Jest A Minute!
What A Pleasure -- Er -- Pressure To Be The Censor Chief!
In a recent interview, our poor, ousted, former film censor chief Pehlaj Nihalani opened a can of worms -- worms being a nice, polite way to describe our political movers and shakers!
The ex-censor head revealed how he was driven out of his head!
One minister called him to order that some film should be cleared without cuts. Another minister's order was not to release a film at a particular time. Yet another minister ordered that a certain film not be certified at all! And so on and so forth!
Ooh my! Don't they say too many cooks spoil the soup or something to that effect? Well, here's a case of too many cooks cooking the censor chief's goose! No wonder he had to vamoose!
Yeah, better to go than to go out of your mind from all that pressure!
Reality Check For Our Public Serpents -- Er -- Servants!

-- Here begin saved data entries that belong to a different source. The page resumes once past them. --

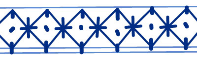 Very similar to Trellis Band 33: A band composed of a single row of X’s with a cross in each X, creating an asterisk. A single dot is located in the middle of the diamond negative space between the X’s. This band the addition of three vertical dots down the midline of each diamond: one at the top vertex, one in the center and one at the bottom vertex.
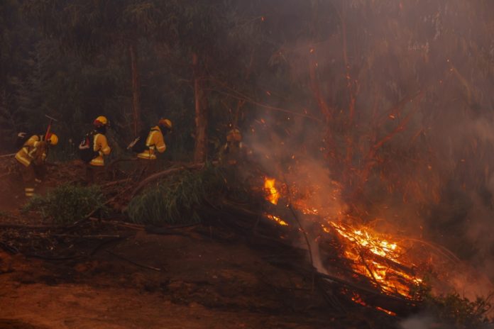 El martes unos 4.000 bomberos combatían 21 incendios en las tres regiones. Las llamas han devorado unas 40.000 hectáreas de bosques y terrenos, de acuerdo al reporte actualizado de la Corporación Nacional Forestal (Conaf).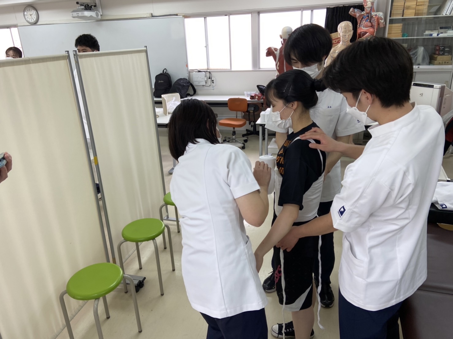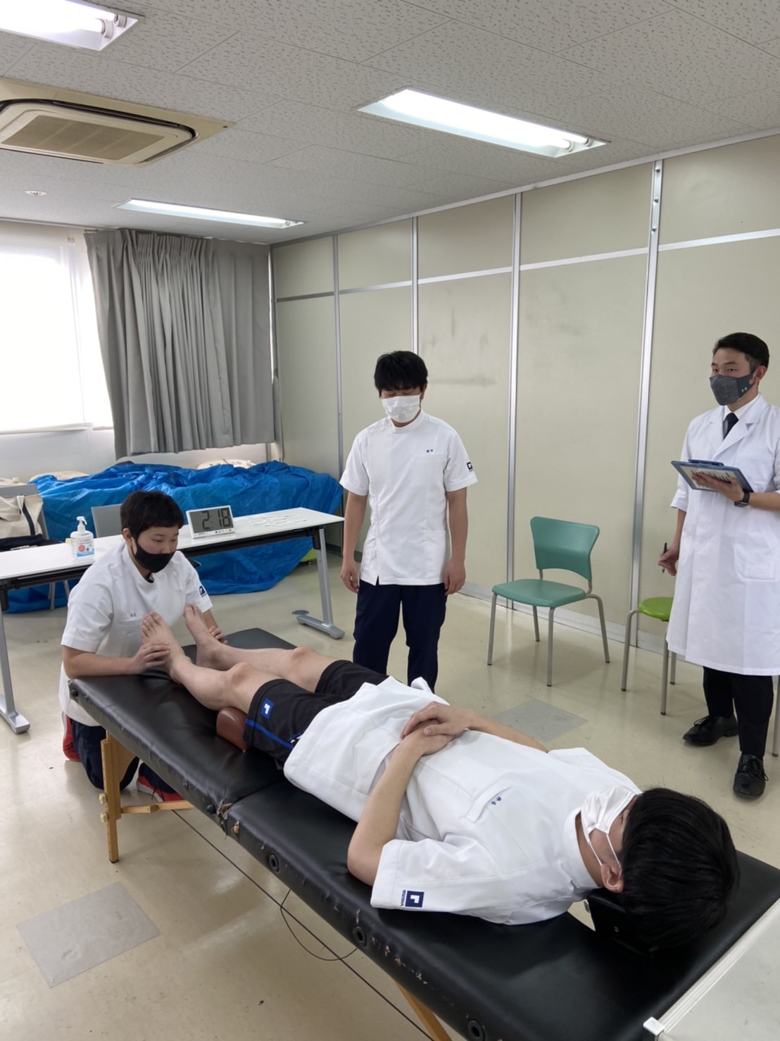 写真にあるのは、接骨医療専門実技教科担当、中谷功先生の実技試験のようす。
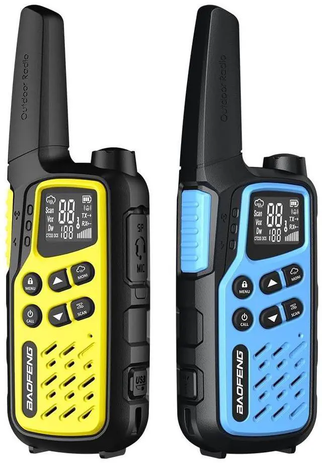 Package Includes: Yellow walkie talkie x1, blue walkie talkie x1, li-ion battery x2, earphone x2, dual socket charger head x1, type-c charging cable x2, belt clip x2, lanyard x2, manual x1.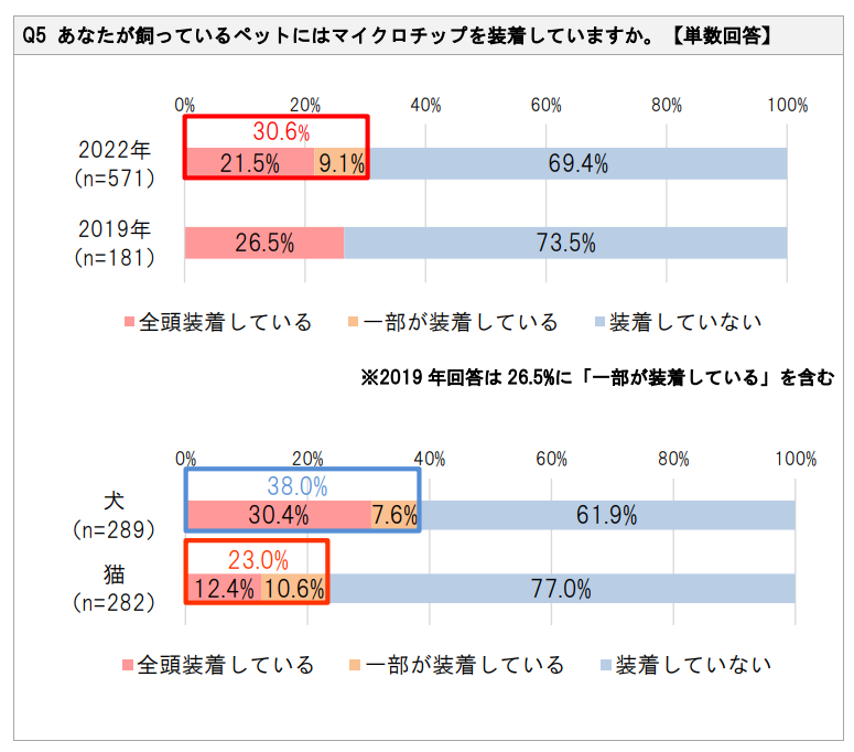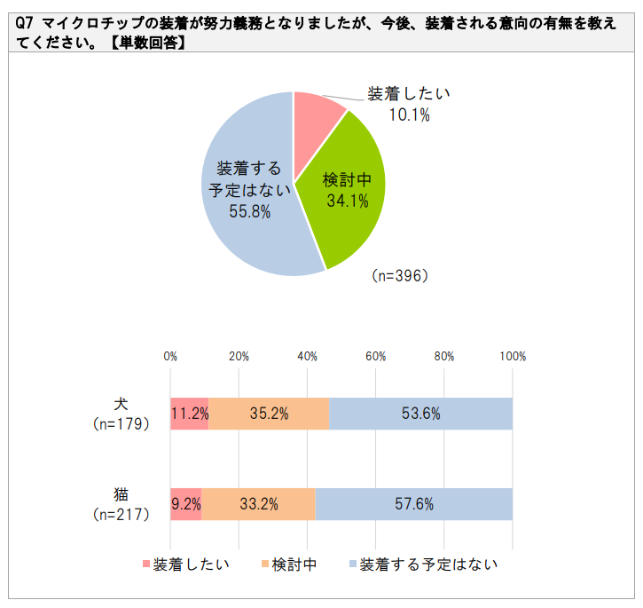 犬・猫のマイクロチップ装着が販売業者は義務化、一般飼育者は努力義務に~動物愛護の意識が高まる中、マイクロチップの装着は約3割~

Modi-ji is pretty upset with his ministers for their indulgence in VIP culture. The ministers have been told in clear-cut terms -- shun 5-star hotels and fancy PSU SUVs/luxury sedans.
I say, the ministers should shun not only 5-star hotels but also 5-star hospitals for treatment. Instead, if unwell, they should check into a UP kind of hospital.
The kind of hospital where oxygen and life-saving drugs do the disappearing act, life-support systems flop -- and instead of nurses and doctors, DEATH walks the wards!
Our ministers need exactly this kind of reality check to serve us better!
Now I Believe In Zombies!
Do zombie actually exist? If you ask me, not only do they exist, they might even be running hospitals in UP!
I mean, how else do you explain the loss of so many lives in one of the hospitals there?
Unless some imbecile, brain-dead zombies are running the show out there?
Have you seen the film Toilet? A most appropriate title for a film today. Considering the way mass entertainment in general is going these days -- straight down the toilet.
Toilet has a simple message -- DON'T CRAP OUT IN THE OPEN. But the film has a running time of 2 hours and 41 minutes.
Hey, if it takes that long for a simple message to come out of a film, Toilet has to be one film suffering from SEVERE CONSTIPATION!
A Most Refreshing Film
What happened Jab Harry Met Sejal? The audience went to sleep in the theaters. That's what happened.
But the best thing about this colossal exercise in boredom is that it puts to sleep even the bedbugs in the theater seats. So at least you enjoy a most refreshing snooze without being interrupted by bug bites.
Two Different Films
What's the difference between the film Toilet and the film Jab Harry Met Sejal? Toilet drives home a point about shitting outdoors and hygiene.
JHMS simply drives the audience home yawning.
Tubelight Down The Tube?
They couldn't have given the film a more apt title -- Tubelight.
This Salman Khan movie, much like a real tubelight, hummed -- flickered -- buzzed -- dimmed -- flickered -- then with a flash blew out altogether.
Leaving distributors in a dark despair of loss! Over 30 crores down the tube! Gone!
But wait, never fear, Salman the savior is here! After all, what's a mere 30 crores for Salman? Nothing. Pocket change.
So, out of his own pocket, Salman promptly compensated the distributors. Leaving them (la-de-da-dum) glowing like tubelights with happiness.
Another Kat Visits Film City?
Alarm over the presence of a wild leopard lurking and lingering around Mumbai's Film City. This has brought all shoots out there to a grinding halt.
Did I just say 'grinding'? Well, our film producers must be grinding their teeth in impatience at the loss of man-hours and money.
I don't get it. Why the big fuss over this poor cat? I bet this leopard just came to Film City to try its luck as a performer in Bollywood. After all, creatures like tigers, piggies and kats have done very well out of our film line, haven't they?
I of course mean Tiger Shroff, Piggy Chopra and Kat Rina Kaif. So this leopard must have felt -- "Hey, if those creatures could do it, why not me?"
Dumb Sound and Fury
Ancient Roman emperor Caligula had made his favorite horse a senator/a minister, an adviser in his cabinet!
I guess, whenever something went wrong in his empire, the emperor went galloping to his horse for advice.
And I bet the emperor got it straight from the horse's mouth -- nothing but horse sense and sound advice!
You'd think Dictator Donald has now done something similar. Appointed some donkey, if not a horse, as his foreign-policy adviser.
No wonder Dictator Donald is getting some sound advice towards North Korea and Venezuela. It's nothing but SOUND and fury! Empty sound, impotent fury.